Crippled dogs and one-trick ponies
I’ve just returned from the Texas SBOE hearings on Science TEKS (Texas Essential Knowledge and Skills) standards, and I’m so full of disgust and dismay that I’m at a loss for words to express it with enough rancor. You can, however, expect me to go on at length anyway. The whole thing was such a goddamn farce from the outset that I’d had more than enough after only one hour, at which point I could only roll my eyes and walk out the door. If you haven’t encountered the gall and dishonesty of creationists on their own turf before, and even if you have many times, it’s always the kind of experience that leaves you feeling worse about humanity in general.
As I write this, people are still speaking, and will be for a few hours yet. I saw no point in sticking around, but for all I know there could be, at any time, a real first-rate speaker who could get across the points that needed to be gotten across, and who would call out the creos on the disingenuous rhetoric they repeatedly spewed. As it is, I left the whole charade with two key observations: 1) That the big pitch the creationists are using isn’t merely the weasel phrase “strengths and weaknesses,” but their defense of that phrase as an expression of support for “academic freedom” that the scientific community apparently opposes; and 2) that the pro-science side, at least as I saw it today, is singly unaware of how to respond to that rhetoric properly and forcefully.

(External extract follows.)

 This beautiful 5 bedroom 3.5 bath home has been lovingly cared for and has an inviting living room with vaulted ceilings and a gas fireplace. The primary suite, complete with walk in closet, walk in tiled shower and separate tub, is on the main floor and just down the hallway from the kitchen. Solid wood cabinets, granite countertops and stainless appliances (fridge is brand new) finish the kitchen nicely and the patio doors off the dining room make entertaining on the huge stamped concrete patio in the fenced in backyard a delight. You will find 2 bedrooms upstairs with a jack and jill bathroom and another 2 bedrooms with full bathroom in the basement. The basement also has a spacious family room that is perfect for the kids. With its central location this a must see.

This cannot be understated: Just as the anti-gay contingent of the Christian right sells its opposition to gay marriage as a “defense” of “traditional” marriage that can in no way be compared to opposition to interracial marriage or anything of that sort, so too are the creationists now abandoning the overt, lawsuit-bait language of “intelligent design” for “academic freedom” language that makes them seem like the ones encouraging students to use their minds to think about and evaluate ideas that are presented to them in class on their merits. Conversely, the pro-science side wants to shut this kind of inquiry down, and just require students to be obedient little sponges soaking up whatever the textbooks say.

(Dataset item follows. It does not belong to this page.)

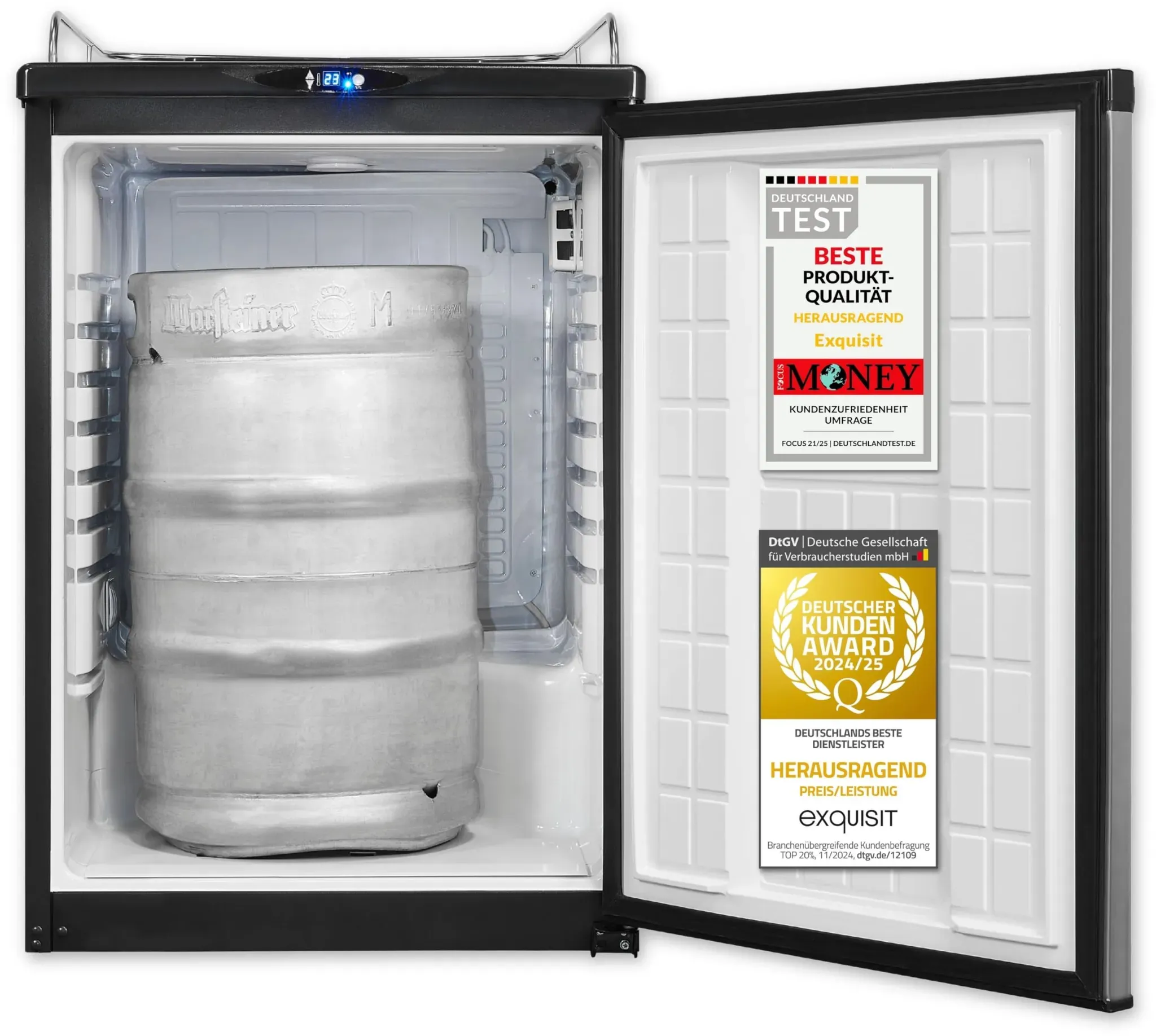 Kategorie: Zapfanlagen - Exquisit - GTIN:4016572407723 - Großer Innenraum für maximale Vielfalt: Mit 163 Litern Volumen bietet der Kühler Platz für Bierfässer von 10 bis 50 Litern perfekt für jede Gelegenheit und jeden Durst. Frisch gezapftes Bier jederzeit genießen: Die integrierte Zapfvorrichtung macht das Ausschenken direkt am Gerät zum Erlebnis ideal für Partys, Terrasse oder Kellerbar. Leise, stark und sparsam im Betrieb: Mit nur 42 dB arbeitet der Bierkühler angenehm geräuscharm ideal für Wohnräume, ohne den Alltag zu stören. Flexible Nutzung mit durchdachten Details: Türanschlag wechselbar, Gitterablage für Flaschen, modernes LED-Display einfach das, worauf es ankommt. Praktisch durchdacht für echten Nutzen: Halterung für CO2-Flasche sorgt für stabile Zapfleistung und freie Innenraumfläche clever gelöst für mehr Komfort beim Kühlen. - 456,99 Euro bei Amazon Marketplace CE - gefunden von billiger.de ![]() ![]() Exquisit Bierkühler, 163 Liter, mit Zapfvorrichtung, Gitterablagen, Türanschlag wechselbar, 89 cm Höhe, 42 dB, Display, BK160-HE-300G inox

Why this is a misrepresentation and gross misunderstanding of the opposition to such terms as “strengths and weaknesses” was, to his credit, appropriately explained by Texas Citizens for Science spokesman Steve Schafersman. But he didn’t make the point forcefully enough, and even he seemed taken aback when challenged by one of the creationist board members after giving his alloted three-minute address. I’ll discuss that last, because it was after Schafersman spoke that I ducked out. After all, if a veteran front-line soldier in the science education wars like Schafersman falters when some creationist puts him in the hot seat, it’s clearly time for the pro-science side to step back and understand just how dishonest the rhetoric is, and how it has to be addressed in a no-nonsense manner, calling bullshit bullshit, and stating the pro-science position with sufficient force and clarity that no sleazy creationist ideologue can sit there lying about it and sounding smug and reasonable while doing so. I don’t see that the pro-science speakers today fully appreciated the ideological scrimmage line they were going up against, nor the fact that the game plan was going to be offense all the way.
A quick rundown of some of the speakers I did see.
As I had a number of errands to run early in the day, I was worried that I may have missed a lot of the good stuff. I didn’t end up getting downtown to the Travis State Office Building until about 3:30. But as the TFN announced that the hearing itself wouldn’t start until likely after lunch, and as I recall the last set of hearings I attended in the same building five years ago went on until well into the night, I figured I hadn’t missed too much.
Turned out my timing was excellent. The hearings on the science standards started right around 3:55. That must have been some sheer pain for those folks who’d been there since 9:00 AM.
As the title of the post indicates, what ensued was the kind of dog-and-pony show where the dog has only three legs and all the pony knows how to do is turn in a circle. The first speaker was a dignified and well spoken older gentleman named Dr. Joe Bernal, who was himself an SBOE member in the 1990′s, and who spoke eloquently on the need to keep science scientific and avoid the pitfalls of allowing room for non-scientific ideas. He stated that it was the duty of parents, not schools, to determine a student’s religious instruction. He also reiterated the support among the scientific community for evolutionary theory.